Today's young adults grew up in a time when their youth was documented with smartphone cameras rather than dedicated digital or film cameras. It's not surprising that, perhaps in response to the ubiquity of the phone, some young creative photographers are ditching their handsets in their pockets in favor of compact digital cameras, the type that camera manufacturers are actively phasing out.
Much of the buzz among this creative class has focused on high-end, chic models like the Fujifilm G7 and Sony RX100 models, which can be great for selfies.
But other shutterbugs are harking back to the past twenty years or more and adding a vintage “Y2K aesthetic” to their work. The MySpace look is strong: many photographers are shooting with authentic early 2000s “digicams,” pointing their cameras – with bright flashes – at their friends and creating washed-out, grainy, low-resolution photos that look a lot like 2003 .
“I think it's so wild because I'm an older millennial,” says Ali O'Keefe, who runs the photography channel Two Months One Camera on YouTube. “My childhood was captured on film… but for [young people]Theirs were probably all captured on something like Canon SD1000s,” she says, referring to a popular point-and-shoot from mid-childhood.
It's not just the retro sensibility they're going for, but also some cool credibility. Everyone from Ayo Edibiri to Kendall Jenner is helping to stoke the digicam fever by taking public snaps with a vintage pocket camera.

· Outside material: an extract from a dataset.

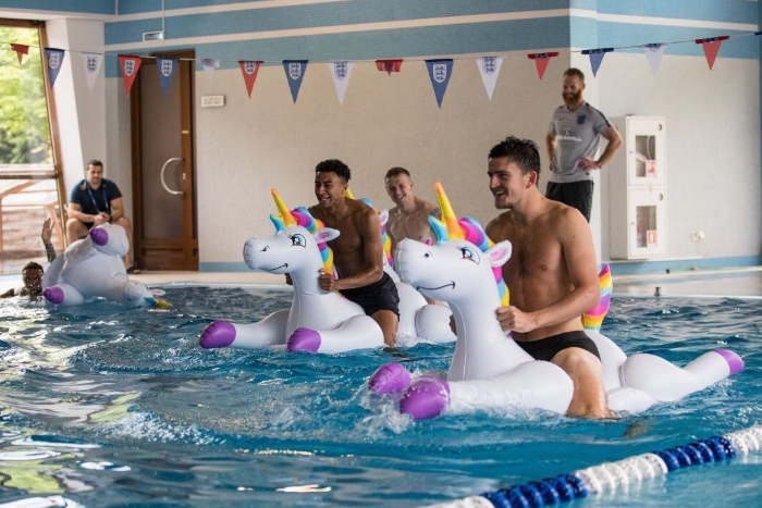 Футболисты сборной Англии катаются на надувных единорогах в бассейне в Репине. Фото

The rise of the vintage digital camera marks at least the second great nostalgia boom in the photography world. More than fifteen years ago, a film revival brought thousands of cameras from the 1970s and 1980s out of closets and into handbags and backpacks. Companies like Impossible Project and Film Ferrania started production of Polaroid-compatible and 35mm film respectively, jumpstarting production equipment that would otherwise have gone to the scrap heap. Traditional film companies such as Kodak and Ilford have seen sales increase. Unfortunately, the price of film stock has also increased significantly, making film processing more expensive as well. (Having a roll developed and digitally scanned now typically costs between $15 and $20.)